What are the dividing zones of a leaf?

The dividing zones are the marginal meristems, through the activity of which the leaf gains its laminat e form. In each meristem the outer file of cells, or marginal initials, contributes the epidermal layers by continued division. The cells below, the submarginal initials, provide the tissue of the inner part of the leaf.

Where is the cell division of a leaf?

Usually a certain number of cell layers is defined in the mesophyll (the parenchyma between the epidermal layers of a foliage leaf). Cell division is not limited to the region of the marginal meristems but continues throughout the leaf in each of the layers, always in the same plane, until the final cell number is approached.

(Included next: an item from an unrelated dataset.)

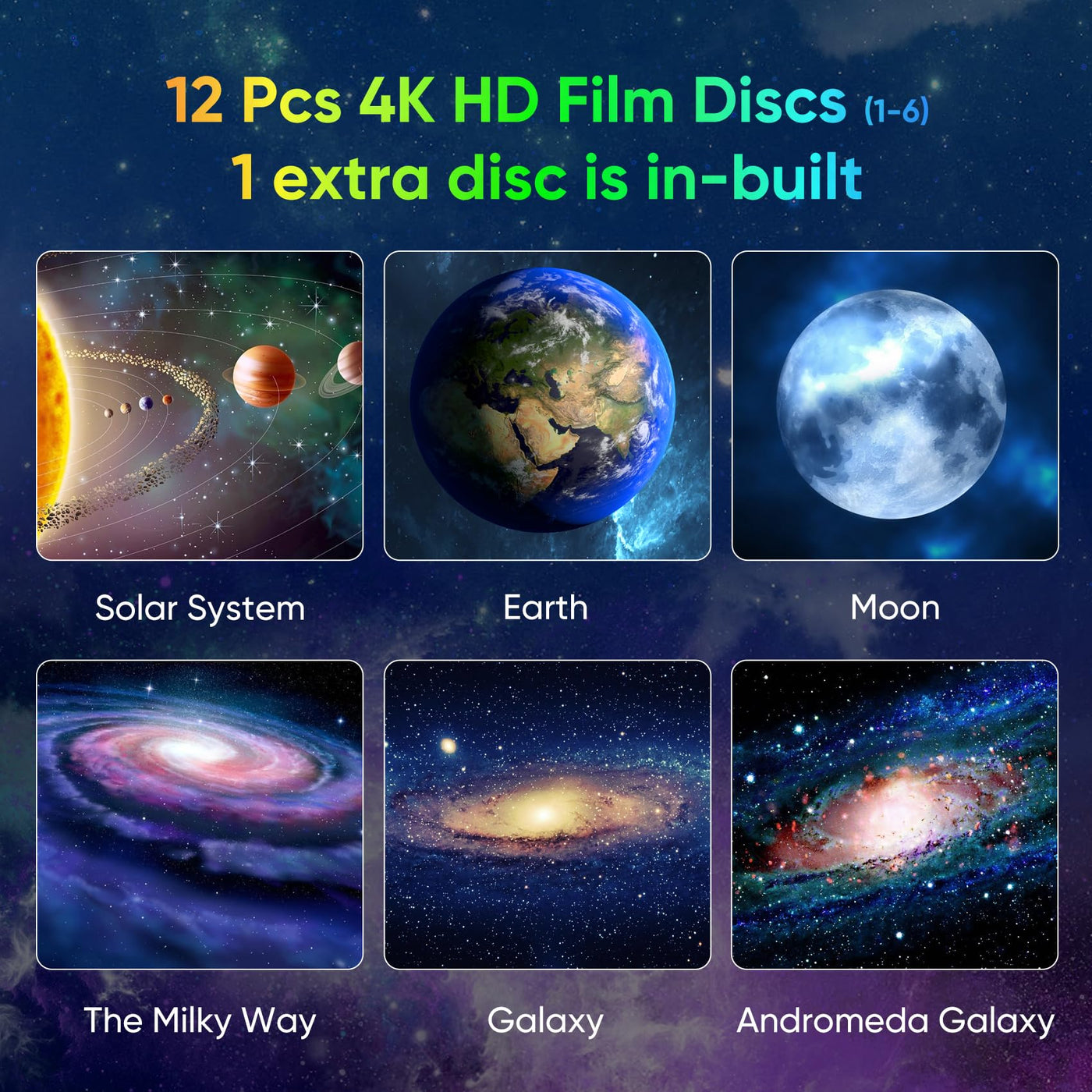 Galaxy Projector For Bedroom, Hd Image Star Projector Galaxy Light Adjustable Knob, 13 Film Discs Planetarium Projector For Kids

What is the apical growth of a leaf?

Apical growth dominates in the tobacco-leaf primordium until a height of about 0.5 millimetre (0.02 inch) is reached. Thereafter, the buttress becomes more and more flattened in the transverse plane by laterally oriented cell divisions and further expansion growth on either side. The dividing zones are the marginal meristems, through the activity of which the leaf gains its laminate form. In each meristem the outer file of cells, or marginal initials, contributes the epidermal layers by continued division. The cells below, the submarginal initials, provide the tissue of the inner part of the leaf. Usually a certain number of cell layers is defined in the mesophyll (the parenchyma between the epidermal layers of a foliage leaf). Cell division is not limited to the region of the marginal meristems but continues throughout the leaf in each of the layers, always in the same plane, until the final cell number is approached. The rate then declines, ceasing in the different layers at different times. Divisions usually end first in the epidermis, then in the lower mesophyll layers of a leaf such as that of tobacco, and last in the main photosynthetic tissue, the palisade layer, just beneath the upper epidermis.

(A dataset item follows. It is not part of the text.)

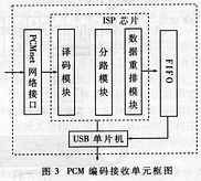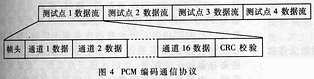 PCM编码通信协议如图4所示。译码模块分别提取信息码流中的位同步和帧同步信号,并将PCM码译成NRZ码。分路模块接收译码模块输出的位同步时钟、帧同步信号和串行NRZ码流,将串行信号分路,输出宽度为16位的并行信号。数据重排模块接收来自三个分路模块的并行信号,将它们按一定的规律送入缓存并发出中断申请。USB单片机接收到中断后,从缓存中取出数据并通过USB总线传送给计算机。

How does the primordium develop?

In the development of the maize leaf, the primordium arises first as a prominence some distance below the apical dome. The zone of division and growth extends laterally around the apex so that a complete collar forms; then the margins overlap. Meanwhile the original tip zone continues to elongate, eventually surpassing the stem apex. Tip growth declines thereafter, and further increase in cell number results from meristematic activity at the base. The early development of the vascular system is unlike that in dicotyledons, for several parallel procambial strands, rather than a single midrib, are initiated. The first of these grow toward the apex, but, as tip growth ceases, procambial strands form above and extend toward the base, passing through the node, or point of insertion of the leaf primordium, and into the stem below. As the leaf extends in length, the tissues begin to mature first at the tip, and a wave of differentiation passes down toward the base, where cell division and extension growth may continue long after the tip of the leaf is mature. Protection for this immature and succulent tissue of the leaf base is afforded by the sheaths of older leaves surrounding it.

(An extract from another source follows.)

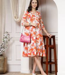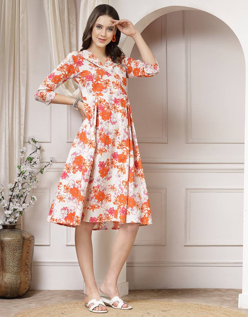 | Product Name | Women Cotton Orange Floral Print A Line Midi Dress | |

How is a tobacco leaf vascular pattern determined?

The vascular pattern in a tobacco leaf is determined early in the development of the vessel primordium. A procambial strand is formed by the elongation of narrow axial cells, and this extends both toward the base and toward the apex, eventually linking with the procambium of the stem.

How do new cells contribute to the growth of the primordium?

In the early growth of the leaf primordium, new cells are contributed mainly by meristematic activity at the pole directed away from the stem, so that the buttress extends in length. The subsequent distribution of growth varies among the different groups of vascular plants according to the shape of the mature leaf.

What is the leaf buttress?

A local concentration of cell divisions marks the very beginning of a leaf; these cells then enlarge so as to form a nipple-shaped structure called the leaf buttress. The cells of the leaf buttress may be derived from the tunica alone or from both the tunica and the corpus.